INPUT MATERIAL:
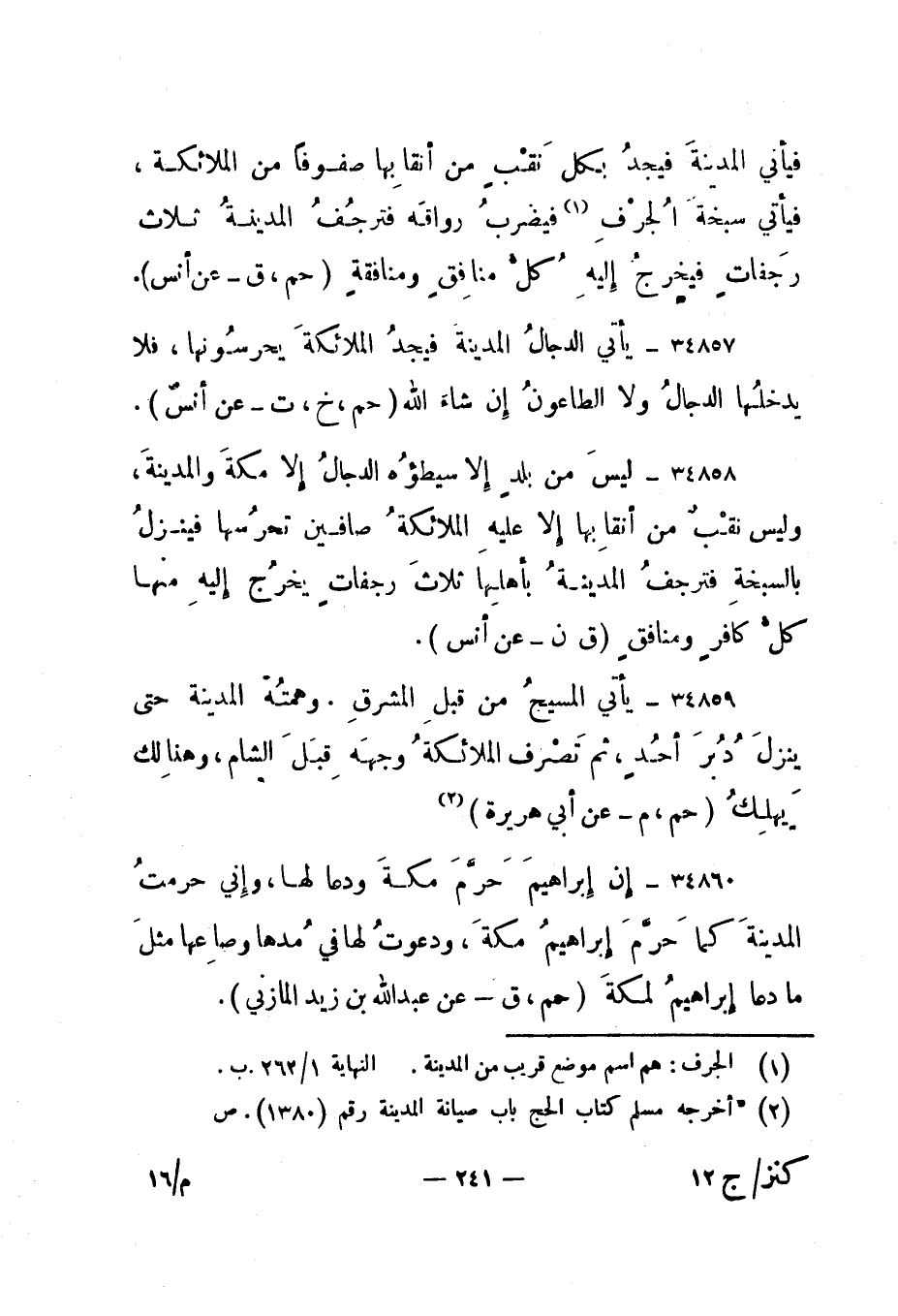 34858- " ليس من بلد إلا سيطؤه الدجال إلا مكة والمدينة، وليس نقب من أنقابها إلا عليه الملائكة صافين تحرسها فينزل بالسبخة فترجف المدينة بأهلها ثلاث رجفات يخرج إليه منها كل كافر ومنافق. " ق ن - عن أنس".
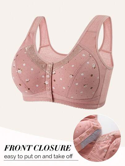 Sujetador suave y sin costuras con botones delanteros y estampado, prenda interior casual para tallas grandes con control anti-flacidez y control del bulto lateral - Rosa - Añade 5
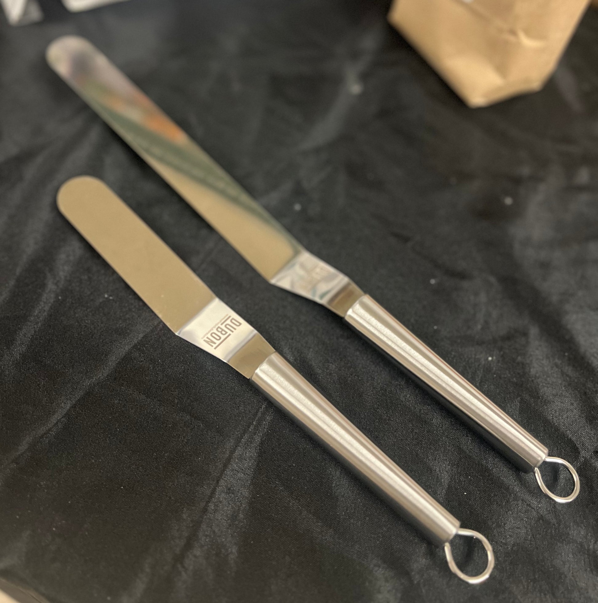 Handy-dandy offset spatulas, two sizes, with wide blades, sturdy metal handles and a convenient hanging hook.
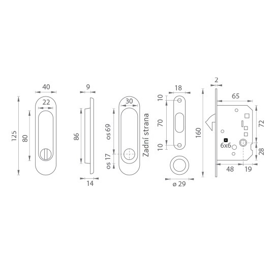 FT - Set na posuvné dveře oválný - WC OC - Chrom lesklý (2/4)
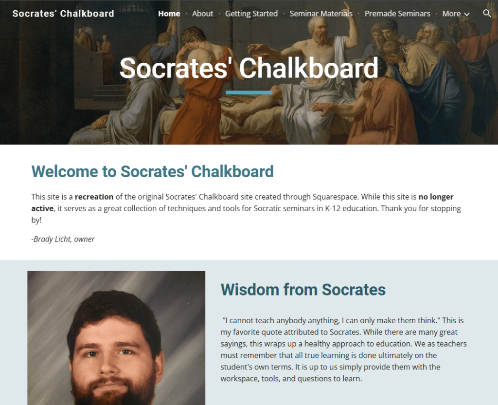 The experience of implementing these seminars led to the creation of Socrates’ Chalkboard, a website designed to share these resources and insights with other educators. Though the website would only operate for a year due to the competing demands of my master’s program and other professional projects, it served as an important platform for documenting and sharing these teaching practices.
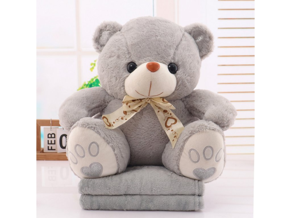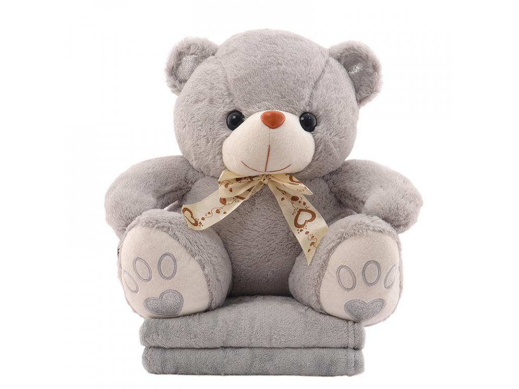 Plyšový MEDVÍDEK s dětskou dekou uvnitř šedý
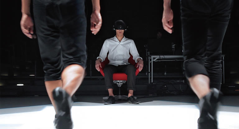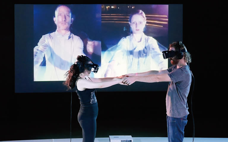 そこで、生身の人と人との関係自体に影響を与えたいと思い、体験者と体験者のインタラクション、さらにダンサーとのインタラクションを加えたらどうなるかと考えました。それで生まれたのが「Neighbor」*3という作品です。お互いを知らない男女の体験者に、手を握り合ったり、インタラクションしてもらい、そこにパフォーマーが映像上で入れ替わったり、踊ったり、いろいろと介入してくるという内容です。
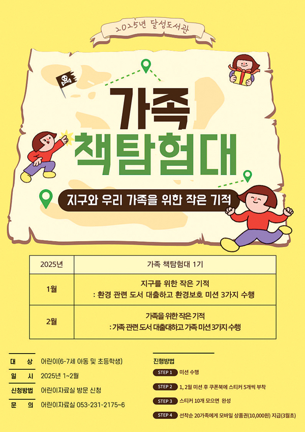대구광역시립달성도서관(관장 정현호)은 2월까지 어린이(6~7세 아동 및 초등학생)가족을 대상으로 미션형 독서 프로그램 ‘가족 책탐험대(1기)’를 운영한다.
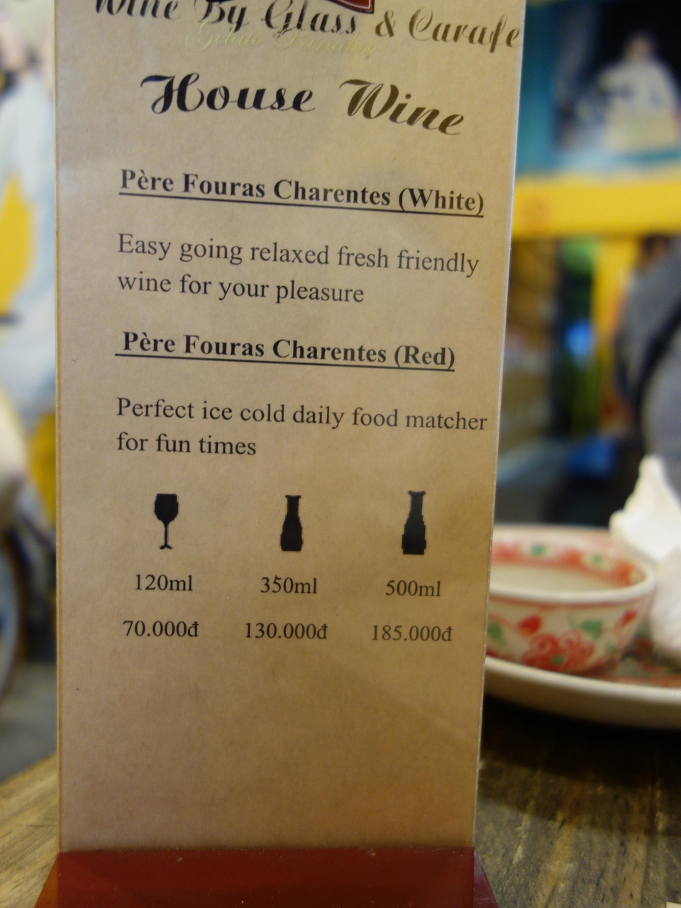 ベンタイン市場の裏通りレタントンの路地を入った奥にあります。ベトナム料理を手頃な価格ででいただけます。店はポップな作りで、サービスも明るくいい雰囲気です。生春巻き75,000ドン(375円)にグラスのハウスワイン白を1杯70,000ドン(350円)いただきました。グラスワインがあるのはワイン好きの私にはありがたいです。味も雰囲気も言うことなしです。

AIM OF THE EXERCISE: An exact copy of every line above is needed, without the images.

WRITTEN ANSWER:
 34858- " ليس من بلد إلا سيطؤه الدجال إلا مكة والمدينة، وليس نقب من أنقابها إلا عليه الملائكة صافين تحرسها فينزل بالسبخة فترجف المدينة بأهلها ثلاث رجفات يخرج إليه منها كل كافر ومنافق. " ق ن - عن أنس".
 Sujetador suave y sin costuras con botones delanteros y estampado, prenda interior casual para tallas grandes con control anti-flacidez y control del bulto lateral - Rosa - Añade 5
 Handy-dandy offset spatulas, two sizes, with wide blades, sturdy metal handles and a convenient hanging hook.
 FT - Set na posuvné dveře oválný - WC OC - Chrom lesklý (2/4)
 The experience of implementing these seminars led to the creation of Socrates’ Chalkboard, a website designed to share these resources and insights with other educators. Though the website would only operate for a year due to the competing demands of my master’s program and other professional projects, it served as an important platform for documenting and sharing these teaching practices.
 Plyšový MEDVÍDEK s dětskou dekou uvnitř šedý
 そこで、生身の人と人との関係自体に影響を与えたいと思い、体験者と体験者のインタラクション、さらにダンサーとのインタラクションを加えたらどうなるかと考えました。それで生まれたのが「Neighbor」*3という作品です。お互いを知らない男女の体験者に、手を握り合ったり、インタラクションしてもらい、そこにパフォーマーが映像上で入れ替わったり、踊ったり、いろいろと介入してくるという内容です。
대구광역시립달성도서관(관장 정현호)은 2월까지 어린이(6~7세 아동 및 초등학생)가족을 대상으로 미션형 독서 프로그램 ‘가족 책탐험대(1기)’를 운영한다.
 ベンタイン市場の裏通りレタントンの路地を入った奥にあります。ベトナム料理を手頃な価格ででいただけます。店はポップな作りで、サービスも明るくいい雰囲気です。生春巻き75,000ドン(375円)にグラスのハウスワイン白を1杯70,000ドン(350円)いただきました。グラスワインがあるのはワイン好きの私にはありがたいです。味も雰囲気も言うことなしです。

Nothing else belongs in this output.